Another try that we can perform is to mix the diferents rows that we have obtained with the functions.

In [161]:
cols = ['home_team', 'away_team', 'division', 
'matchday', 'scored_home', 'win_home', 'scored_away',
'win_away']

x_train = train[cols]
y_train = train['result']

x_test = test[cols]
y_test = test['result']

Decision Tree Classifier (DTC):

In [162]:
model = DecisionTreeClassifier()
model.fit(x_train, y_train)

prediction = model.predict(x_test)

hits = (y_test == prediction).value_counts()
print(f'Accuracy Tree: {hits[1] / len(y_test)}')

Accuracy Tree: 0.3760301149659172


Gradient Boosting Classifier (GBC):

In [163]:
model2 = GradientBoostingClassifier()
model2.fit(x_train, y_train)

prediction = model2.predict(x_test)

hits = (y_test == prediction).value_counts()
print(f'Accuracy BoostingC: {hits[1] / len(y_test)}')

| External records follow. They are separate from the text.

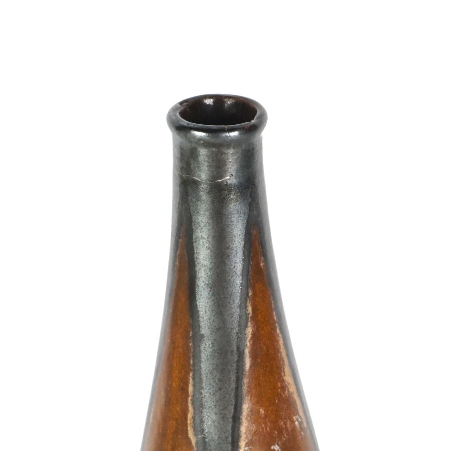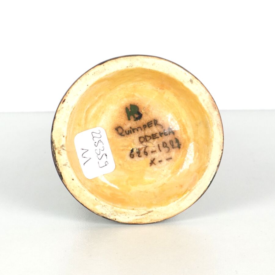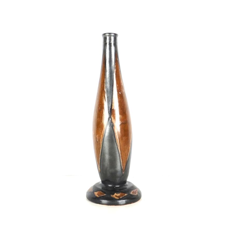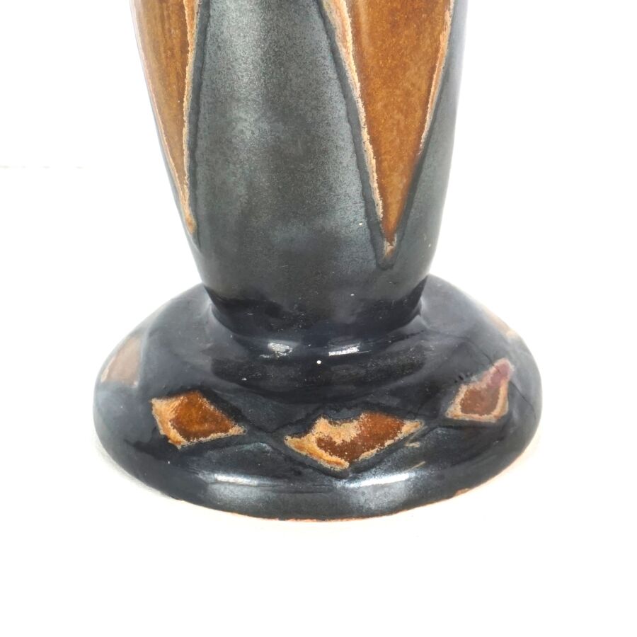 ODETTA - HB QUIMPER : Vase soliflore en grès émaillé polychrome à décor de losanges, signé et numéroté 626-1321 sous la base, H. 22.5 cm (restauration au col).
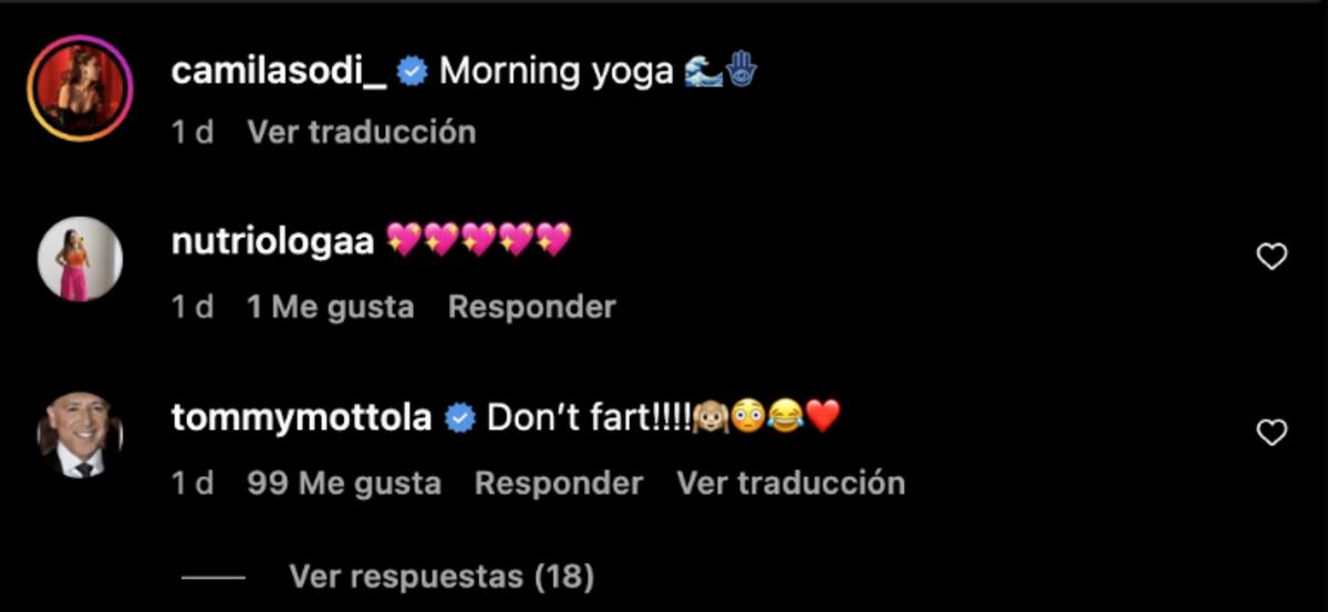 Las fotos causaron tanta conmoción que hasta el momento cuentan con más de 300 mil reacciones y muchos comentarios halagando tanto su belleza como su elasticidad, pero uno de los mensajes que destacó es el de Tommy Mottola, esposo de Thalía.
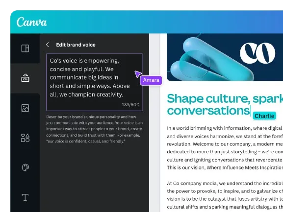 - Accessible directement dans Canva Docs et sur tous les designs Canva.

Accuracy BoostingC: 0.4692237257096348


Random Forest Classifier (RFC):

In [164]:
model3 = RandomForestClassifier()
model3.fit(x_train, y_train)

prediction = model3.predict(x_test)

hits = (y_test == prediction).value_counts()
print(f'Accuracy RandomForest: {hits[1] / len(y_test)}')

Accuracy RandomForest: 0.44460270627734255


Logistic Regression (LR):

In [165]:
model4 = LogisticRegression(max_iter=1000)
model4.fit(x_train, y_train)

prediction = model4.predict(x_test)

hits = (y_test == prediction).value_counts()
print(f'Accuracy Logistic: {hits[1] / len(y_test)}')

Accuracy Logistic: 0.47685420693865094


Let's see a table with the diferents accuracies of the four models:

| Model | Accuracy (%) |
|:----:|:----:|
| DTC | 37.60 |
| GBC | 46.92 |
| RFC | 44.46 |
| LR | 47.68 |

Finally, the most significant change is thaht we have increased just by a 0.4% the accuracy of the Logistic Regression model. Once finished all this tries it is save to say that the historics of goals and the historics of wins does not increase the efficiency of the models. 

After we have built multiple models to predict a 2020-2021 of LaLiga matchday the conclusion that we get is that a good prediction cannot be done using only these attributes. It is obvious that there are some parameters that are more important than others but none of them it is useful at all. Maybe we would need a parameter that tells us the fitness of the teams or the quality of squads to create a model that is capable to achieve better performances.